No , I have not heard as yet, but I'll be glad if it does---I am getting down to needing more mediums. The last time I bought from them, I got seconds, and was amazed at how good thier 'seconds" were. Not an unusable one in two boxes of 100. Shoot, you can't beat that.
Regards,
Rick


----------



## fat/beeman (Aug 23, 2002)

*bad frames*

I had different experence last yr got 400 most were worse then a #3 reject big knots in frames cleat bars had knots that would break when pulled apart. I got some from western bee supply there #2 commercial for 25 cents were lot better just about same as dadant's. they ended up costing me 41 cents delivered to my house much better buy. btw brushy I had ordered #1's talked others same thing happened.
Don


----------



## mikesfarm (Jul 4, 2007)

I also hope that they offer free shipping again. I have a very large order ready to give them. If I recall correctly their free shipping was only east of the Mississippi.
Mike


----------



## Oldbee (Sep 25, 2006)

YUP! FREE shipping! From December 1 to December 19 only. Also,.."Unfortunately back ordered items, glass containers, truck shipments, and orders west of the Mississippi River are EXCLUDED'. This from the inner back page of the December 2008 American Bee Journal.*

*You must mention the code: SANTA ABJ. 1-800-233-7929


----------



## sc-bee (May 10, 2005)

Same advertisement in BC ::: Mention Santa BC


----------



## Bizzybee (Jan 29, 2006)

Wonder if Santa BS would fly??

That's (BeeSource) for any gutter minds out there........


----------



## honeyman46408 (Feb 14, 2003)

Hey I told them I saw it in the "source" once and the girl said OK


----------



## stoweski (Apr 1, 2008)

sc-bee said:


> Same advertisement in BC ::: Mention Santa BC


SC...

You see this in the November issue of BC? The only ad for Brushy I found is on the inside of the front cover. No mention of the shipping offer. Or did you manage to get the Dec. issue? 

Thanks,
Keith


----------



## BeeCurious (Aug 7, 2007)

*Free Shipping from Dec 1 to Dec 19 use code "SANTA ABJ"*

The inside back cover of the December ABJ has a Brushy Mountain ad Wishing you a Merry Christmas & a Happy New Year...
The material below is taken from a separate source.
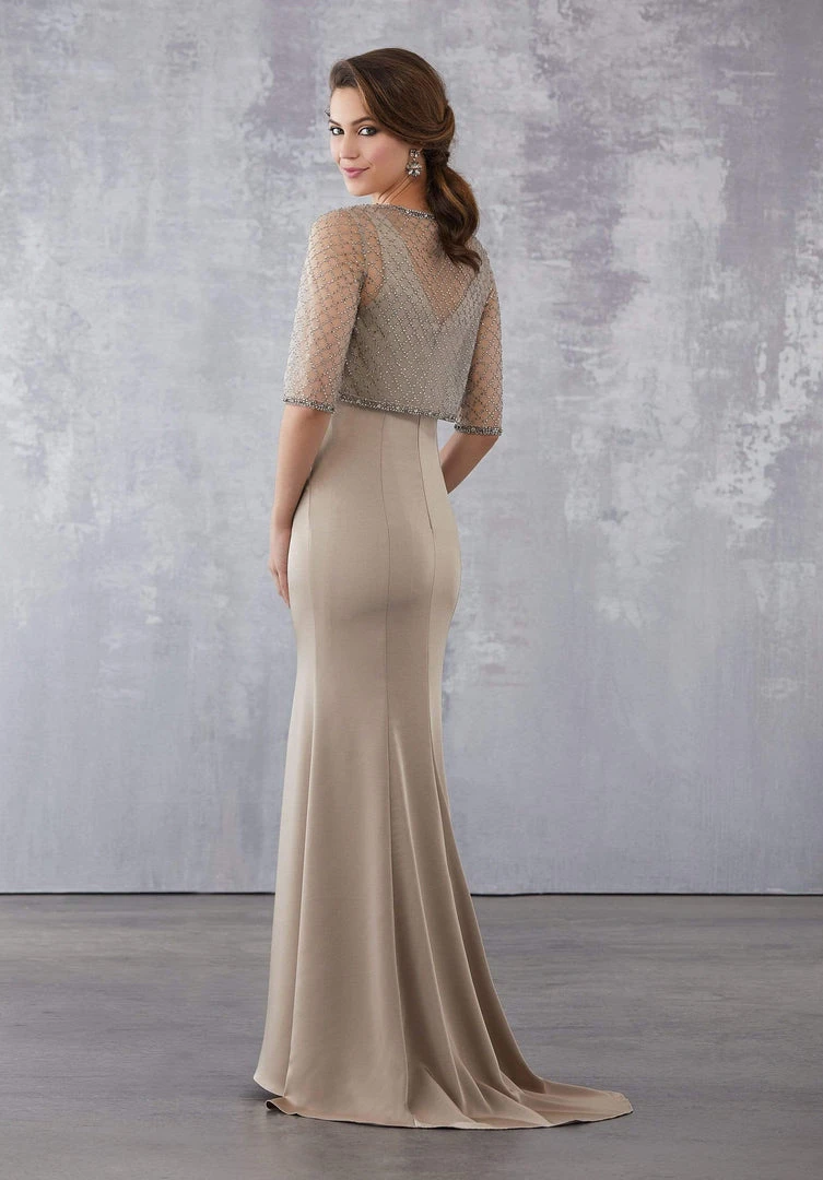 Make an extraordinary statement when you walk in this classy dress by MGNY By Mori Lee 71732. This long dress features a sleeveless, v-neckline with fitted bodice styled with visible seams. The trumpet skirt finishes in a sweep train. The dress is tailored with a matching embellished jacket. This trendsetting dress is sure to get you noticed.

They are offering free shipping East of the Mississippi River for orders placed between December 1st and December 19th.

You must mention the code "SANTA ABJ"

You must mention the code "SANTA ABJ"

Have a nice Thanksgiving...


----------



## sc-bee (May 10, 2005)

Inside front cover of BC Dec. issue! Never got it this early before usually in the middle of month!


----------



## mikesfarm (Jul 4, 2007)

I just finished placing my order with confirmed free shipping from Brushy Mountain. Last year I bought a 4 frame extractor with free shipping and this year I really ordered a lot of stuff, including much woodenware that is normally to $ to pay shipping on.
Thanks Brushy Mountain.
Regards
Mike


----------



## stoweski (Apr 1, 2008)

*Free ship order arrived!*

Placed my order Monday morning when they opened, 8:30am. Got home from work today (Wednesday) and three huge packages and one small one were sitting on my front porch! NC to NY in 48hrs. Three boxes around 50 lbs and one at 3 lbs. 

All items were very nice, well packaged, and looked like they were good quality. Guess I'll find out for sure in the spring. 

Just passing on the info for those interested. I calculated the shipping costs based on their catalog and the total was over $100. A nice savings... especially this year! I would recommend them to anyone.

Keith


----------



## JordanM (Jun 6, 2008)

*my order*

Well my packages arrived today and here is what i got:


The total cost was around $250 and shipping was $50 so the total after taking shpping off is about $200.
The bottom box has 364 Plastic jars and the top has 364 lids, a fumepad, bee-go, 9 frame spacer tool, 1lb. hive staples, 600 micron filter and a 200 micron filter.

What a great savings and i hope that they can be able to keep on doing this for years to come.


----------